Parameter description:

  • --nodes (-N): The number of nodes required by the job.

  • --ntasks-per-node (--tasks-per-node): The number of tasks to run on each node.

  • --cpus-per-task: The number of vCPUs required by each task.

  • --time (-t): The maximum duration of the job.

  • --job-name (-J): The job name.

Optional: 2.2 Implement colocated scheduling in non-containerized Slurm clusters

SlurmCopilot uses the Slurm API to interact with Slurm. This interaction method also applies to non-containerized Slurm cluster scenarios.

In non-containerized Slurm cluster scenarios, specific Kubernetes resources can only be manually created, including the tokens mentioned in the preceding sections. The following section describes the Kubernetes resources that must be manually created.

  1. Create a Service for each Slurm cluster.

    SlurmCopilot queries information about Services from the cluster and submits API requests to the ${.metadata.name}.${.metadata.namespace}.svc.cluster.local:${.spec.ports[0].port} endpoint. In non-containerized Slurm cluster scenarios, you must create a Service for each Slurm cluster. The following code block provides an example of a Service configuration. Take note that the name of the Service of a Slurm cluster must be in the ${slurmCluster}-slurmrestd format. The ${slurmCluster} value must match the GenericNodes in the Slurm cluster.

    apiVersion: v1
    kind: Service
    metadata:
      name: slurm-slurmrestd
      namespace: default
    spec:
      ports:
      - name: slurmrestd
        port: 8080
        protocol: TCP
        targetPort: 8080
  2. Configure DNS records for each Slurm cluster.
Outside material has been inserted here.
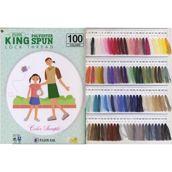 フジックスキングスパンロック糸100色の実物見本帳です。古い在庫のため汚れがございます。

    To enable access to the slurmrestd process, you must configure DNS records in the SlurmCopilot configurations to point ${.metadata.name}.${.metadata.namespace}.svc.cluster.local:${.spec.ports[0].port} to the IP address of the slurmrestd process.

  3. Create GenericNodes for nodes in the Slurm cluster.

    SlurmCopilot uses GenericNodes as the aliases of nodes in a Slurm cluster. If you do not create a GenericNode for a node in a Slurm cluster, SlurmCopolit cannot obtain information about the node. The name of a GenericNode for a node must be the same as the node name in the Kubernetes system. The value of the .spec.alias parameter must be the same as the node name in the Slurm system. The kai.alibabacloud.com/cluster-name and kai.alibabacloud.com/cluster-namespace labels must match the Service of the Slurm cluster.

    apiVersion: kai.alibabacloud.com/v1alpha1
    kind: GenericNode
    metadata:
      labels:
        kai.alibabacloud.com/cluster-name: slurm-test
        kai.alibabacloud.com/cluster-namespace: default
      name: cn-hongkong.10.1.0.19
    spec:
      alias: slurm-test-worker-cpu-0
      type: Slurm
    

Summary

In a workload colocation environment, you can use Slurm to schedule HPC jobs and use Kubernetes to orchestrate containerized workloads. This colocated scheduling solution allows you to use the Kubernetes ecosystem and services, including Helm charts, continuous integration/continuous delivery (CI/CD) pipelines, and monitoring tools. In addition, you can use a unified platform to schedule, submit, and manage both HPC jobs and containerized workloads. This way, HPC jobs and Kubernetes containerized workloads can be deployed in the same cluster to make full use of hardware resources.